Livros que Recomendo – Deaf Sentence

david lodge

Se há um autor do qual eu li quase todos os livros é David Lodge, e não me lembro de alguma vez me ter sentido desiludida. Possuidor dum sentido de humor muito britânico e apurado, os seus livros são sempre divertidos, mesmo quando abordam temas sérios, tal como este que recomendo hoje e que foi o último que escreveu até à data.

Em Deaf Sentence conhecemos a história de Desmond Bates, um professor universitário de Inglês (muitos dos seus personagens são, como ele, professores universitários do departamento de Inglês), que se reforma quando há uma restruturação do seu departamento. Isso faz com que ele comece a lidar com o facto de que está a envelhecer, e sobretudo que está a ficar surdo. Isso dá azo a muitas peripécias engraçadas, mas sobretudo ao desespero do próprio e da família.

Lutando eu com alguns problemas de audição, revi-me muito neste personagem. Não tem graça quando consecutivamente não percebemos o que nos dizem, não conseguimos seguir conversas com muita gente, e sobretudo desespera aqueles à nossa volta o facto de terem que se repetir até ao infinito, mesmo sabendo que não estamos a fazer de propósito. E eu nem sou efectivamente surda, por isso imagino a dificuldade de quem está consideravelmente pior que eu. David Lodge consegue falar de tudo isso com o seu costumeiro bom humor e divertir-nos com coisas sérias. Suponho que muito do que ele escreve neste livro ele saiba por experiência, o que ainda o torna mais interessante.

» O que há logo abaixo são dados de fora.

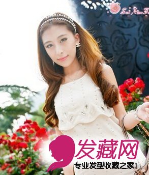 优雅女人味的长卷发发型,可以打造出小女人恬静柔美的气质,刘海用发箍固定住,小清新的淑女范淋漓尽致的展现出来了,一款微卷的长发发型低调又甜美可爱。
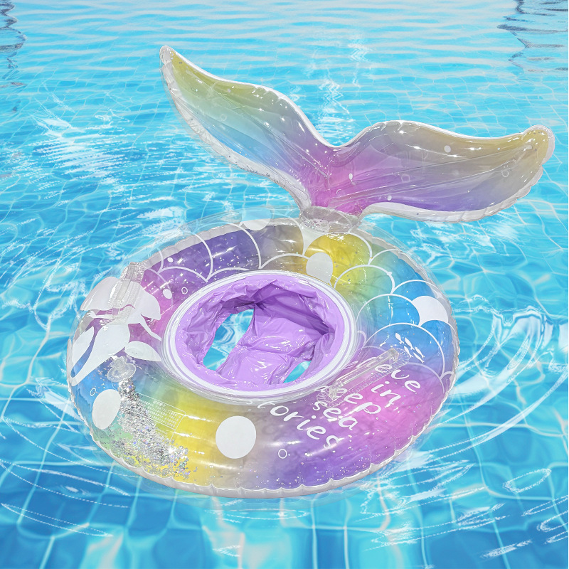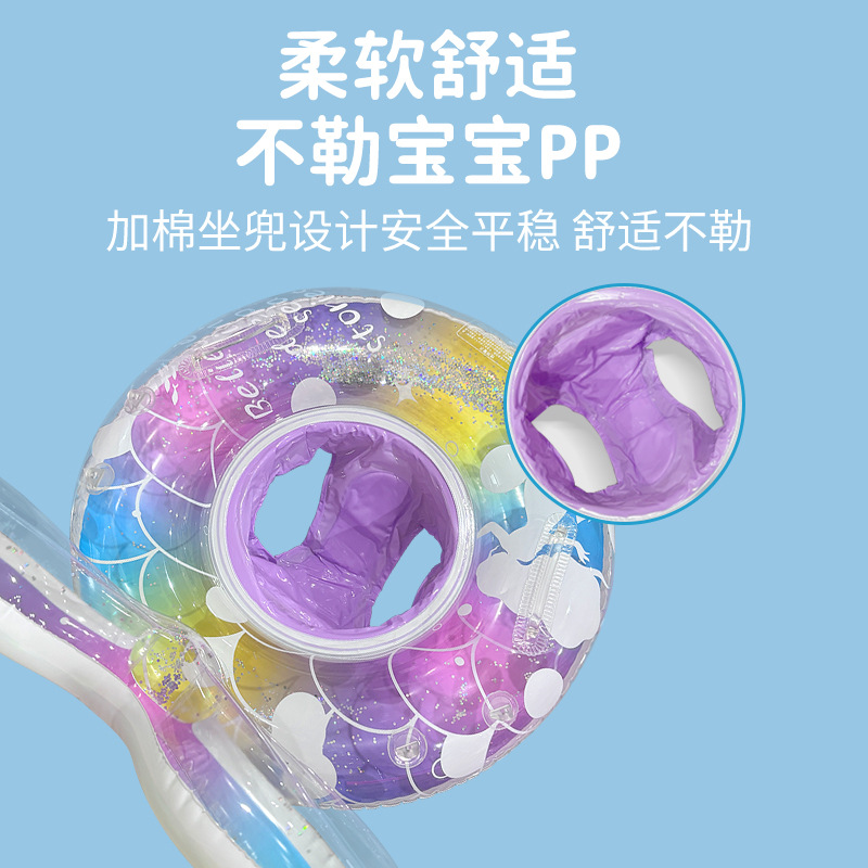 户外泳池玩水便携卡通亮片美人鱼儿童游泳圈海绵底3-6岁充气坐圈

Recomendo a todos os que gostam de boas histórias, boa literatura e ver a vida real noutra perspectiva.

Boas Leituras!

Livros que Quero Ler – The Elephant Whisperer

elephant

Depois de tanto tempo a recomendar livros que tinha lido, resolvi que estava na altura de falar de livros que estão no meu radar para futuras leituras, por variadíssimas razões. Este já me foi recomendado pelo Goodreads há bastante tempo, mas nem sempre estou com a mente virada para livros de não-ficção.

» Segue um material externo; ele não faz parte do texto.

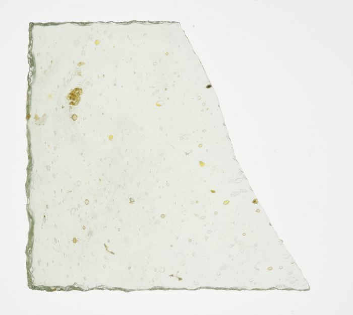 Fragment van kleine ruit, groenig getint vensterglas
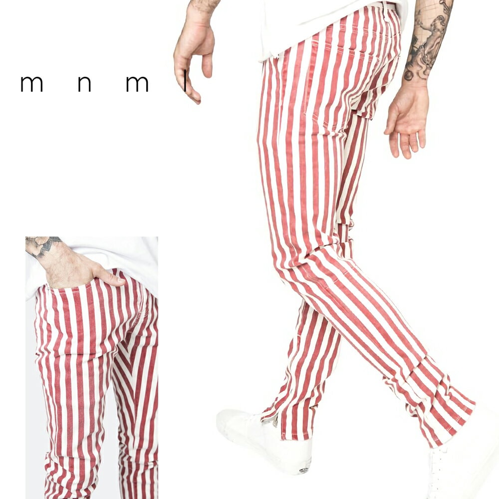 mnml ミニマル M90 STRIPE STRETCH DENIM RED/WHITE トレンド ストレッチ デニム パンツ ジーンズ 28/29/30/32/34

Este ano passa-se exactamente o contrário, apetece-me estar imersa no mundo real através dos livros, por isso parece-me uma excelente altura para me dedicar a esta história.

Lawrence Anthony tinha uma reserva natural na África do Sul e foi-lhe pedido para acolher um grupo problemático de elefantes. Mesmo antes de chegarem a matriarca e a sua cria são abatidas, o que faz com que todo o grupo esteja ainda mais agressivo e difícil de controlar. Este é o ponto de partida para toda uma história de relações entre homens e animais no seu habitat natural, sobre conservação e os esforços que se fazem preservar espécies importantes, mas principalmente sobre uns animais inteligentíssimos que eu muito gosto, os elefantes.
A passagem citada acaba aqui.